You're reading: Russia, Ukraine make progress in gas talks

(Reuters) - Russia and Ukraine made "significant progress" in talks on gas supplies at a meeting between Presidents Dmitry Medvedev and Viktor Yanukovych late on Sept. 24, Yanukovych's office said on Sept. 25.

Ukraine says it is paying too much under a current gas supply deal and wants to change the terms. Previous disputes between the two have disrupted gas supplies to Europe.

Russia has said it could only review the deal if Ukraine joined its customs union with Belarus and Kazakhstan, a move that would rule out a free trade deal between Ukraine and the European Union that Kyiv wants to agree this year.

Yanukovych visited Russia on Sept. 24, hoping to reach a compromise with Medvedev and his powerful Prime Minister Vladimir Putin.

On Sept. 25, Yanukovych’s office quoted him as saying that "significant progress was made during the talks which gives us hope that concrete results will be achieved soon in the interest of both nations."

Yanukovych’s office said he and Medvedev agreed to hold a meeting of a bilateral inter-government commission in Ukraine in October. It provided no other details.

Citing Ukraine’s energy and coal ministry, Interfax news agency reported on Sept. 25 that Ukraine’s Energy Minister Yuri Boyko and Alexei Miller, the head of Russian gas giant Gazprom had separate talks on Sept. 25.

The two discussed ways of implementing agreements reached by Medvedev and Yanukovych, it said.

Ukraine’s economy relies heavily on energy produced from natural gas.
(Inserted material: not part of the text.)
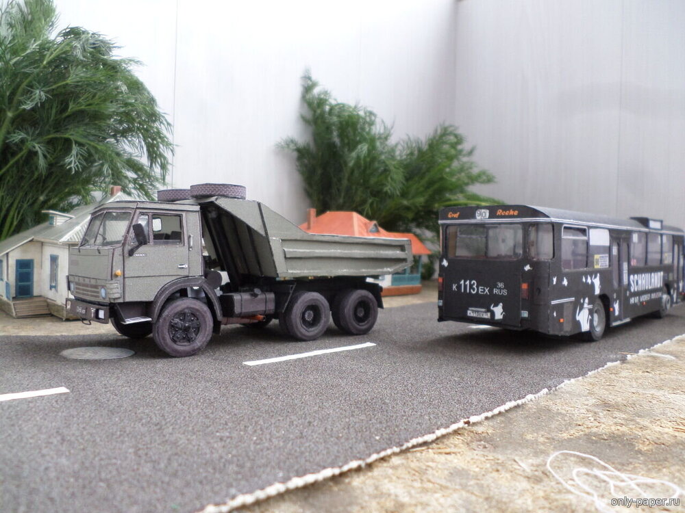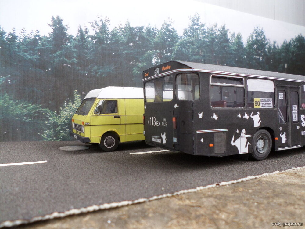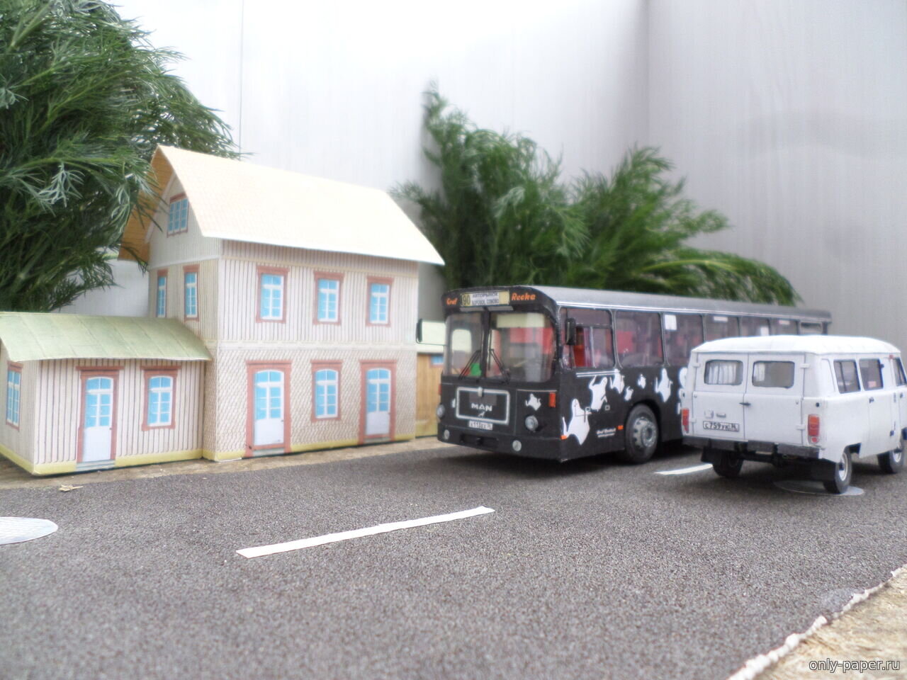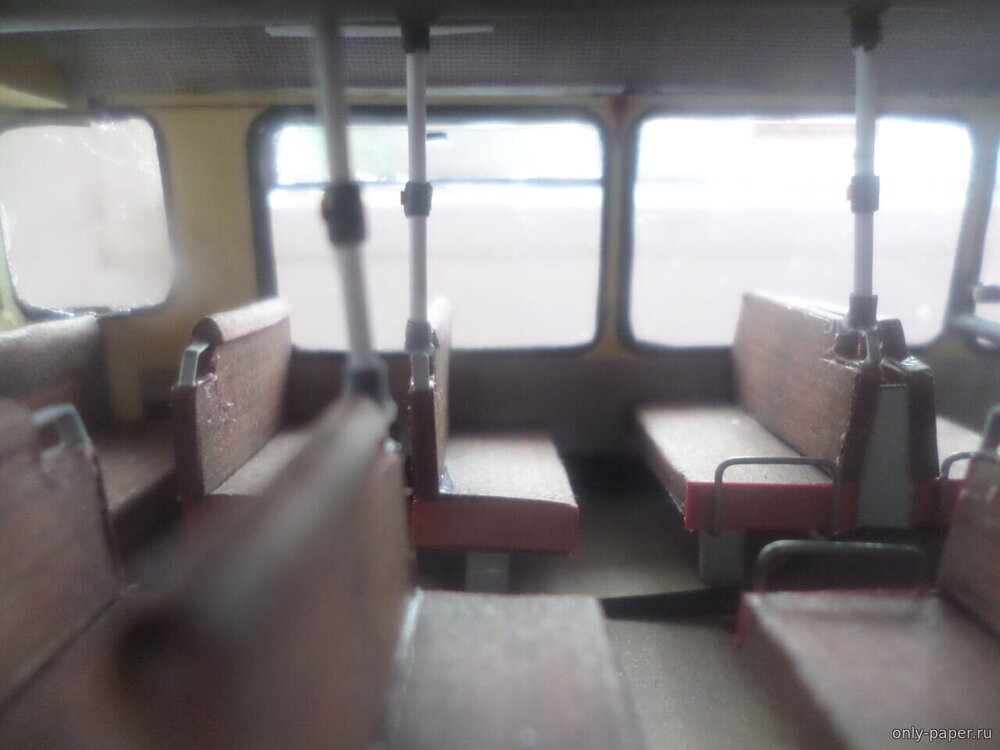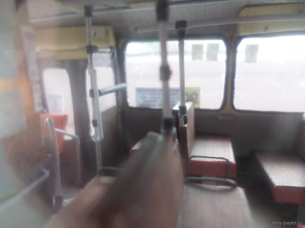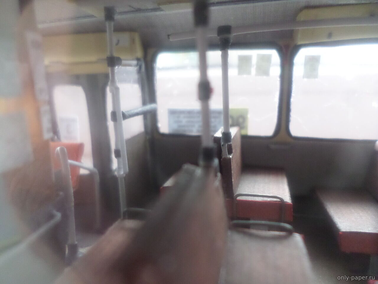 MAN 192 SL200 "Каспер" . Масштаб 1:43. Материал - бумага плотностью 200гр/м2. В Воронеже такой катался в 2002 году, потом, при переходе на жёлтые номера наклейки с привидениями отодрали (во время прохождения техосмотра в ГАИ) . Так этот автобус выглядел в Воронеже в 2005 году (уже без приведений) : https://fotobus.msk.ru/photo/1292943/ А вот он ещё с приведениями, но ещё в Германии (2001год) : https://fotobus.msk.ru/photo/1592786/ Процесс сборки в мастерской : https://only-paper.ru/forum/33-32510-708859-16-1771169667 Обзорное видео: https://vk.com/video890555898_456239062 Лето 2002-го года... Автобус стоит в ПАТП : Вид снизу незатейлив: А вот таким получилось место водителя в модели: Пассажирский салон: Два MAN 192 SL200 стоят в ПАТП : Лето 2002 года... MAN 192 SL200 на маршруте:2 балла

In 2009, Kyiv agreed to import no less than 33 billion cubic metres of gas per year from Russia at a price linked to world oil and oil product prices.

In the fourth quarter of this year, the bill is expected to approach $400 per thousand cubic metres, a level Kyiv says is unreasonably high.

Ukraine cannot save by importing less gas either, since the contract has a "take-or-pay" provision, obliging it to stick to the agreed volume of imports.

Its main leverage comes from the fact that Ukraine is also the main transit route for Europe-bound Russian gas, although Russia is trying to diversify exports and has launched the new Nord Stream pipeline bypassing Ukraine.

The current deal was agreed in early 2009, after a bitter price row which halted Gazprom’s European supplies for weeks.